More informal “Gezi Parkı Açık Hava Kütüphanesi” (open-air libraries) are also being set up throughout the park.

(Jennifer Hattam)

A "people’s information table" offers free food to park protesters.

(Jennifer Hattam)

Tents have been pitched all throughout the park and even on the lawn of an adjacent hotel.

(Jennifer Hattam)

A free 24-hour veterinary clinic was initially set up to help street dogs and cats affected by the tear gas throughout the neighborhood.

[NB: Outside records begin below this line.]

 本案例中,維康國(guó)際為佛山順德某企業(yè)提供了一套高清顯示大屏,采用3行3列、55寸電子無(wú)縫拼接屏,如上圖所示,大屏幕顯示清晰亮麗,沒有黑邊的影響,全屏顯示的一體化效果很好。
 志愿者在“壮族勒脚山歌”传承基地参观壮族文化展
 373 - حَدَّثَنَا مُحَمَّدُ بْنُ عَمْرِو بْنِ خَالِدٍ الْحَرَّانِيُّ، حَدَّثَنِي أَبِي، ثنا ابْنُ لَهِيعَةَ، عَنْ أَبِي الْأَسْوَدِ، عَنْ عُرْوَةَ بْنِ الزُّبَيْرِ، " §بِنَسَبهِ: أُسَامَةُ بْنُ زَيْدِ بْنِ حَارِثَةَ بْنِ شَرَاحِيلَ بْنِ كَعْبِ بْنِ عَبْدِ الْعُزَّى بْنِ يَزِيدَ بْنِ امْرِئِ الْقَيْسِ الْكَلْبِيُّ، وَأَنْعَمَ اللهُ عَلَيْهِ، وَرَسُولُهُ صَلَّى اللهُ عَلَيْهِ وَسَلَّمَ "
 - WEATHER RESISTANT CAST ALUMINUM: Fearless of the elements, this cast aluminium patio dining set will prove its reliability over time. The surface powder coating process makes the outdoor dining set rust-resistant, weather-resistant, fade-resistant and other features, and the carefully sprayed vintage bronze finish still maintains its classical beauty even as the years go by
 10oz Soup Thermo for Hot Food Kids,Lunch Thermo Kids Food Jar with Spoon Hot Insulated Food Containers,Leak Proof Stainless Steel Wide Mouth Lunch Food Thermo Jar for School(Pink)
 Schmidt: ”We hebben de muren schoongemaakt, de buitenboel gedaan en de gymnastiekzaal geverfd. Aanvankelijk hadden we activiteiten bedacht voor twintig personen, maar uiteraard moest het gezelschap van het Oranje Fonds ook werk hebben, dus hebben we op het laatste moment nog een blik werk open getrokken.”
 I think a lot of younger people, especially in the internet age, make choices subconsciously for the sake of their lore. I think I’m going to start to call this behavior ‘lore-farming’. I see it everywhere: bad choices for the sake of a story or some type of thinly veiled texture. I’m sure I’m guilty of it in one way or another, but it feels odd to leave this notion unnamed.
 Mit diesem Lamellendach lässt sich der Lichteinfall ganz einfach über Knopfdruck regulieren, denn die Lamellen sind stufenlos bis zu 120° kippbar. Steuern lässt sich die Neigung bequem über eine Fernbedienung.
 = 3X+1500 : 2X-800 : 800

There are also numerous first-aid stations for people but signs posted on them asked that photos not be taken.

(Jennifer Hattam)

Volunteers plant tomatoes, cucumbers, and herbs in a "Gezi vegetable garden."

(Jennifer Hattam)

A photo gallery hung on clotheslines strung between trees documents the events of the protests thus far.

(Jennifer Hattam)

This paving-stone wall was one of the first spots where people left donated goods for the protesters, including bottles of vinegar, lemon juice, and other home remedies against tear gas.

(Jennifer Hattam)

Volunteers at a "children’s workshop" tent help kids paint trees and other images on butcher paper.

(Jennifer Hattam)

Construction materials from the adjacent Taksim Square road project have been turned into a tree adorned with wishes for the future and other messages written on post-it notes and attached with wire or string.

(Jennifer Hattam)

Signs on a food- and medicine-distribution area set up outside the Starbucks in Taksim Square provide a list of needed supplies (right) and let passers-by know that everything is free for the taking. The designation of the supplies as "çapul gida" – looting nourishment – refers to Prime Minister Erdoğan’s calling the protesters "çapulcu" (looters) earlier this week. Demonstrators ironically adopted the designation in droves, sparking endless riffs on the theme on social media.